To put the discussion into perspective, the following classic iPhone sounds have been examined. Note how these sounds are all within the mid to high frequency range and are organic in nature.
iPhone Camera Shutter
A clear and concise mid frequency sound that indicates your photo has been taken. There is a certain clarity and weight to the sound that suggests build quality. The design is a literal impression of cameras both new and old, perhaps to accommodate the current spectrum of interest in photography.
iPhone Memo Start & End
A mid to high frequency system of sounds that indicate the start and end of a voice memo recording. A single organic ping represents the start of recording with an inherited development of this sound representing the end of recording. Neither sound is specifically related to audio recording yet remains clear in it’s purpose.
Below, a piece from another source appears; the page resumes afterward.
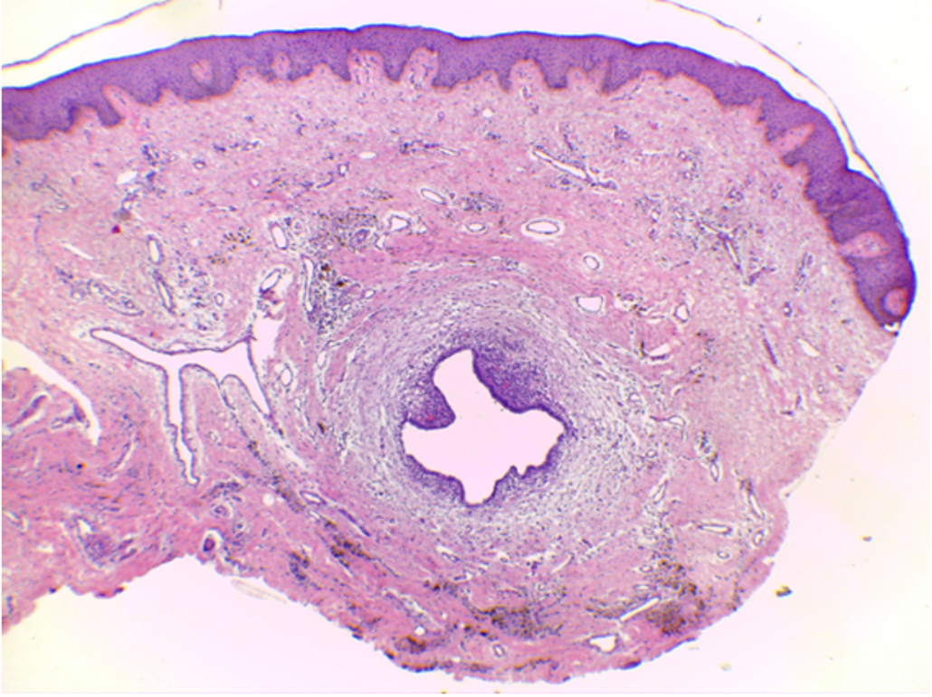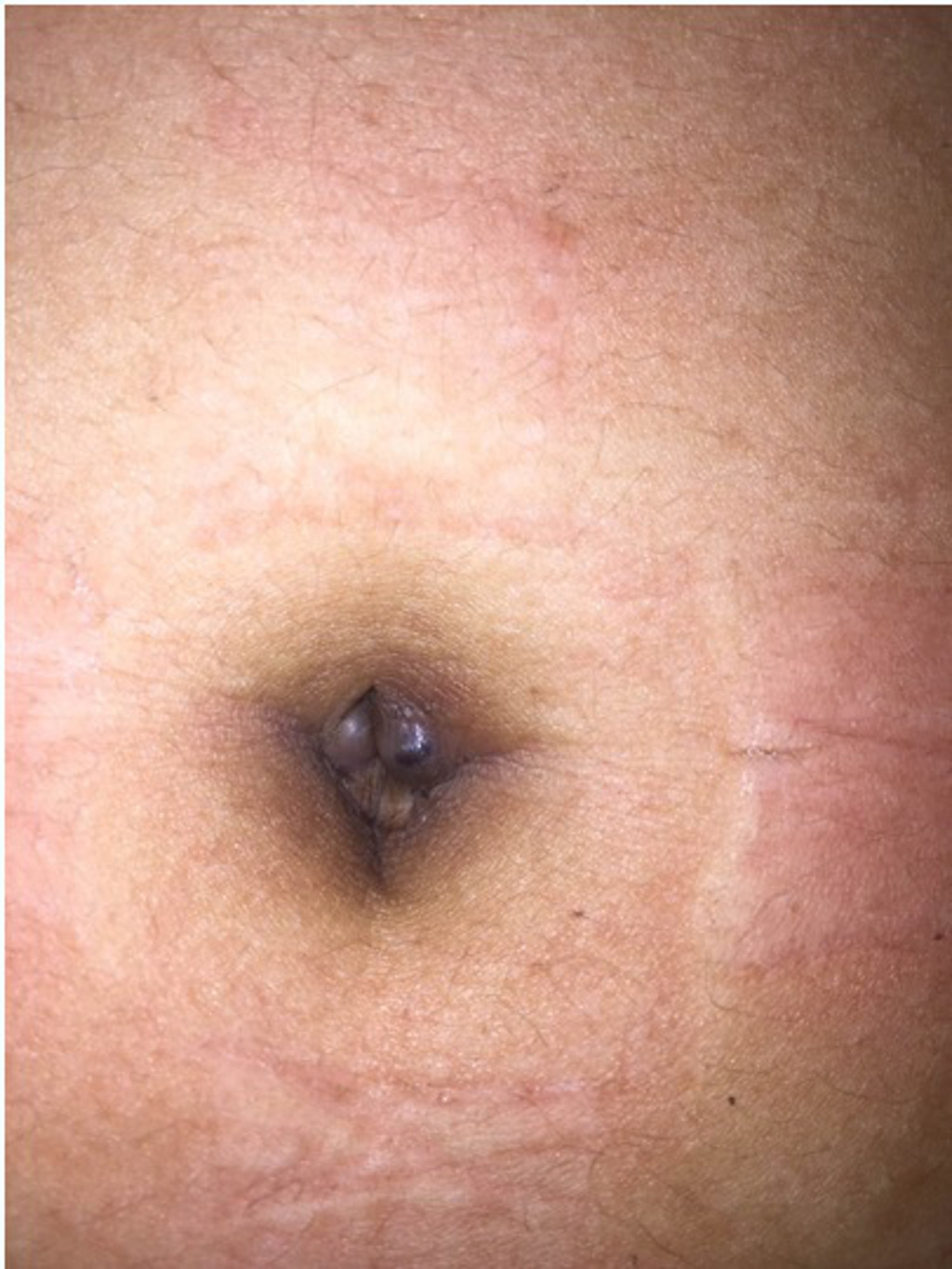 A endometriose é definida como a presença de tecido endometrial funcionante (glândulas e estroma) fora da cavidade uterina, com prevalência de 12% em mulheres em idade fertil. A endometriose cutânea é rara, cerca de 1% do total, porém constitui uma das localizações extra pélvicas mais comuns, sendo classificada em formas primária, espontânea, e secundária. Relata-se um caso raro de endometriose cutânea umbilical primária e ressaltar a importância do diagnóstico precoce para o prognóstico. Relato de caso: Paciente feminina, 32 anos, sem cirurgia abdominal prévia, com história de pápulas eritemato-hipercrômicas com variação de volume em região umbilical, associadas à dor e sangramento local, não relacionada ao ciclo menstrual há 3 anos. Apresentando na histopatologia epiderme sem alterações e derme com tecido endometrial, melanófagos e hemossiderina, compatível com diagnóstico de endometriose cutânea. Discussão: Quanto mais precoce seja o diagnóstico, menor será a necessidade de incisão e ressecção ampla de tecidos. Ainda que de incidência rara e desconhecida, não pode-se esquecer da possibilidade de malignização, que é mais frequente em mulheres com lesões de longa duração não tratadas.

iPhone Siri On, Off & Understood
Another mid to high frequency system of sounds that indicate Siri’s functionality. This system transforms a double organic ping sound over several pitches to differentiate between information yet maintains a common timbre to denote they belong to the same family. As above, the system is easily interpreted.
iPhone Text Sent & Received
Two single-element auditory icons that metaphorically suggest a message is sent/uploaded via an ascending tone and received/downloaded via a descending tone. The sound set remains within the same mid frequency range and in line with Apples generally organic audio branding.
Thank you to Chris Didlick for this contribution. Chris is a Sound Designer at Box Of Toys Audio, an audio house based in London.